======== Dataset extract ========
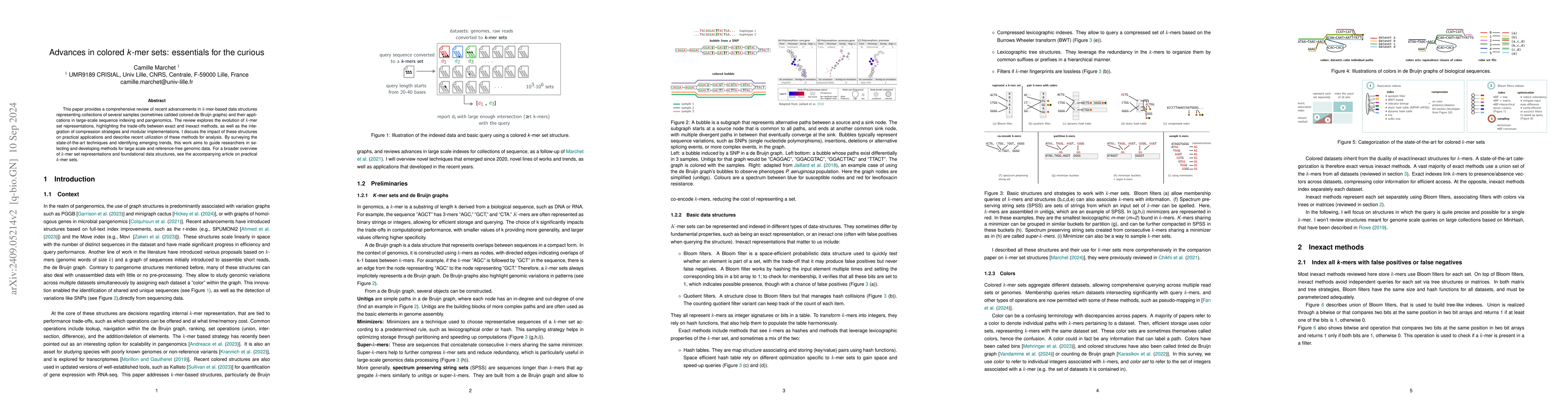 This paper reviews recent advancements in colored k-mer sets, which represent collections of genomic samples, and examines their applications in large-scale sequence indexing and pangenomics. It highlights trade-offs between exact and inexact methods and the role of compression strategies, aiming to guide researchers in selecting suitable techniques for genomic data analysis.
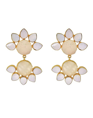 Make a mark with these gold-plated statement earrings delicately crafted in natural stones and mother of pearl. Pair them with your favorite jeans or that little black dress – these earrings elevate every outfit.
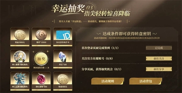 进入游戏官网完成任务后可参与抽奖,获取游戏内奖励。
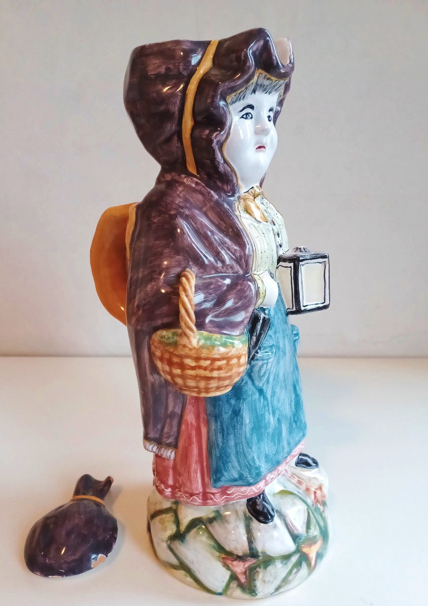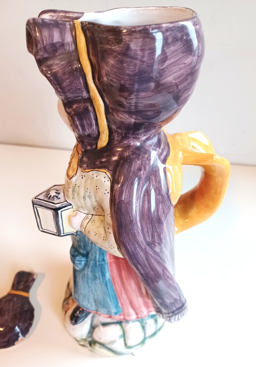 Een keramieken schenkkan in de vorm van een vrouwtje met een lantaarn in haar hand. De kan is polychroom geglazuurd en afkomstig uit Portugal.
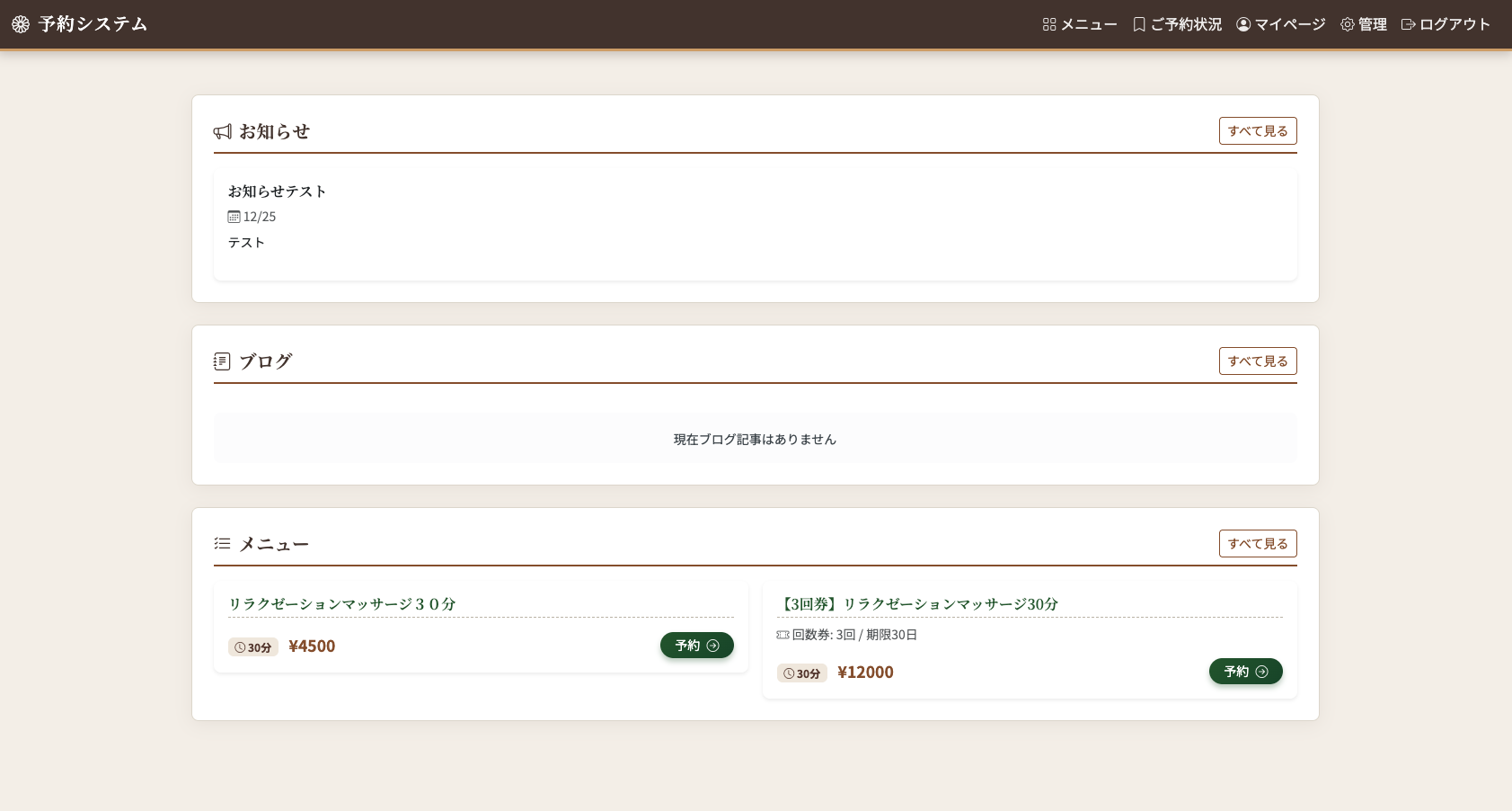 全てのプランに共通の設定項目は以上です。次に顧客側の予約システム画面を確認します。
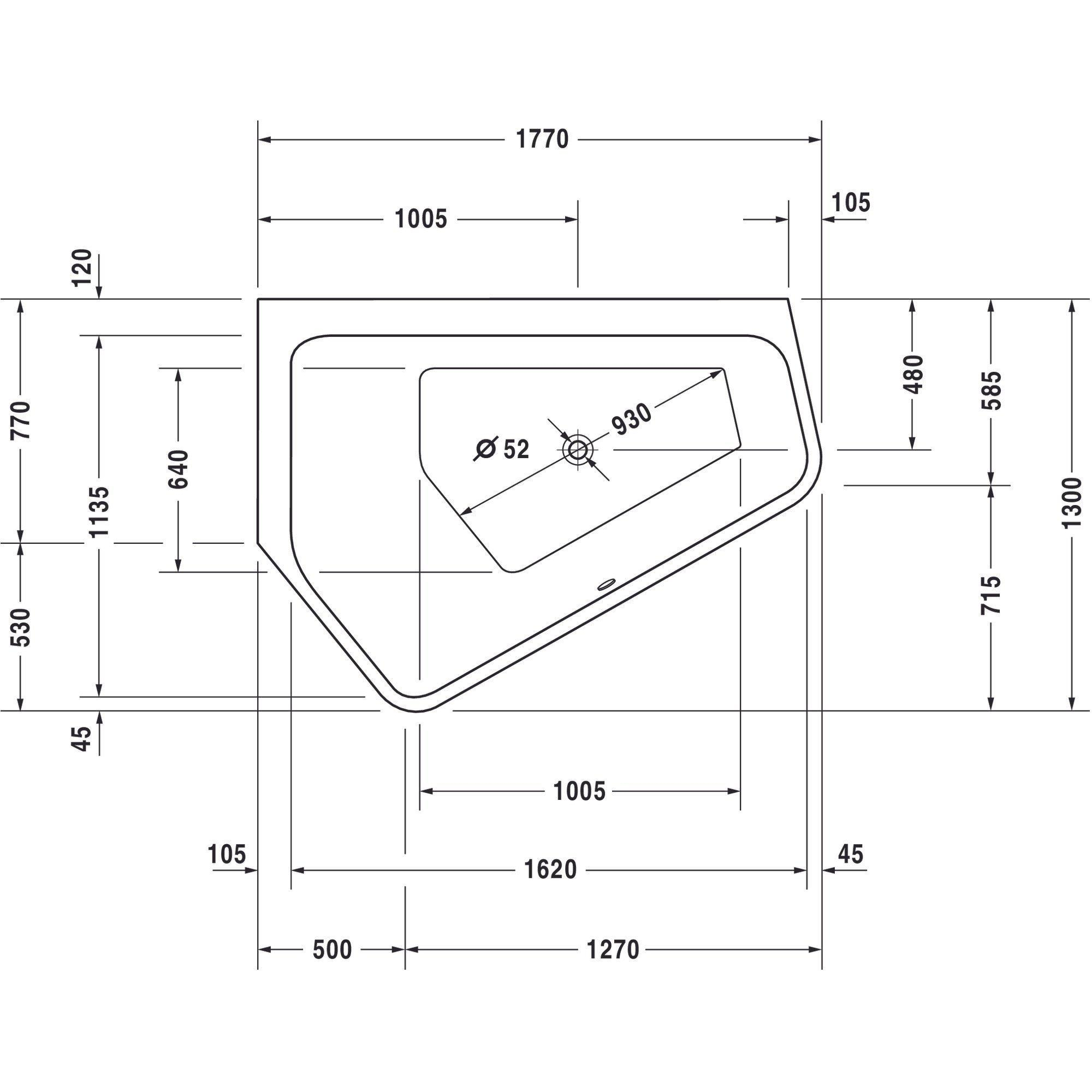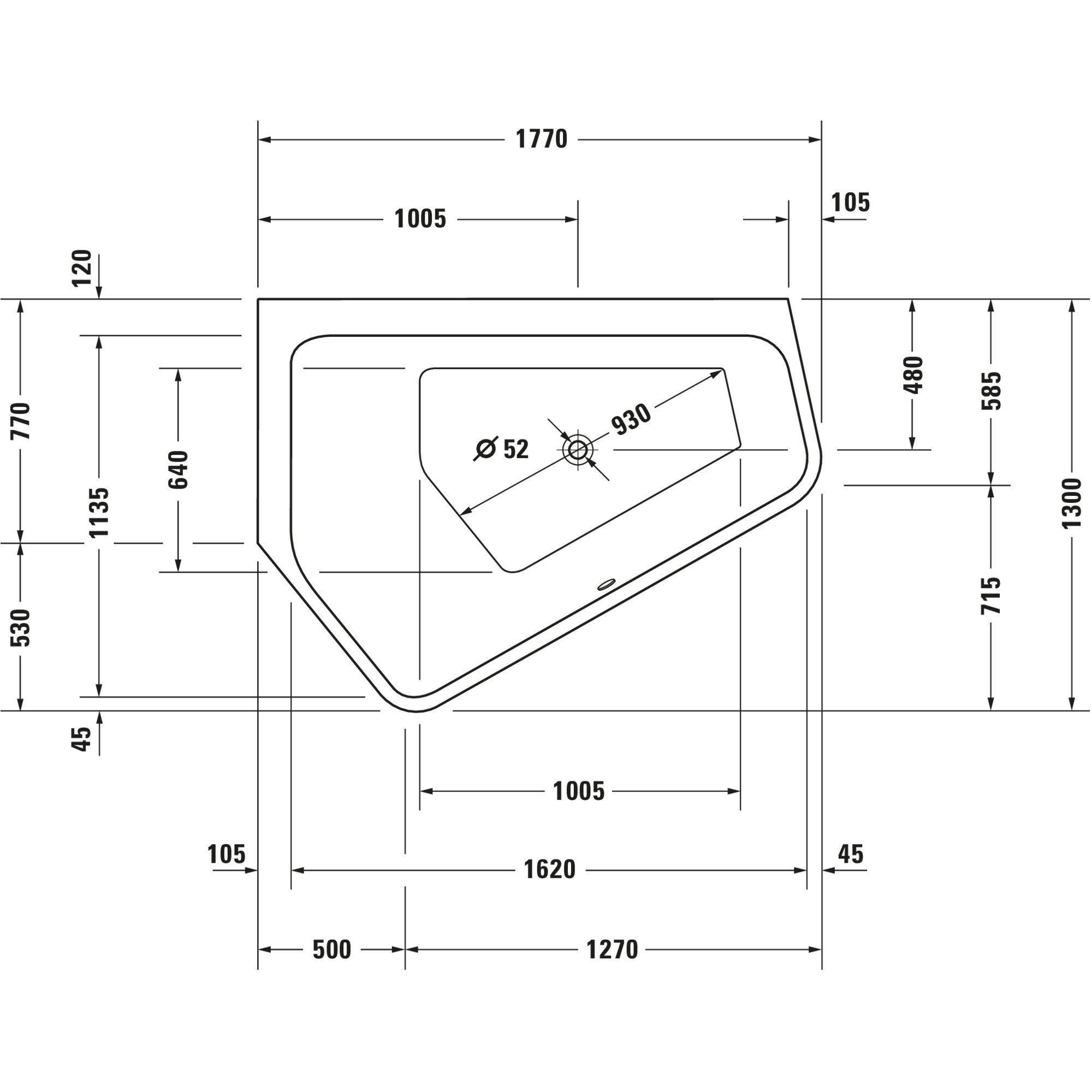 Duravit Paiova baignoire 177x46x130cm trop-plein agencement d'angle gauche acrylique blanc
========
## Task objective
This calls for each record above to be set down exactly, with the images skipped.

## Response area
 This paper reviews recent advancements in colored k-mer sets, which represent collections of genomic samples, and examines their applications in large-scale sequence indexing and pangenomics. It highlights trade-offs between exact and inexact methods and the role of compression strategies, aiming to guide researchers in selecting suitable techniques for genomic data analysis.
 Make a mark with these gold-plated statement earrings delicately crafted in natural stones and mother of pearl. Pair them with your favorite jeans or that little black dress – these earrings elevate every outfit.
 进入游戏官网完成任务后可参与抽奖,获取游戏内奖励。
 Een keramieken schenkkan in de vorm van een vrouwtje met een lantaarn in haar hand. De kan is polychroom geglazuurd en afkomstig uit Portugal.
 全てのプランに共通の設定項目は以上です。次に顧客側の予約システム画面を確認します。
 Duravit Paiova baignoire 177x46x130cm trop-plein agencement d'angle gauche acrylique blanc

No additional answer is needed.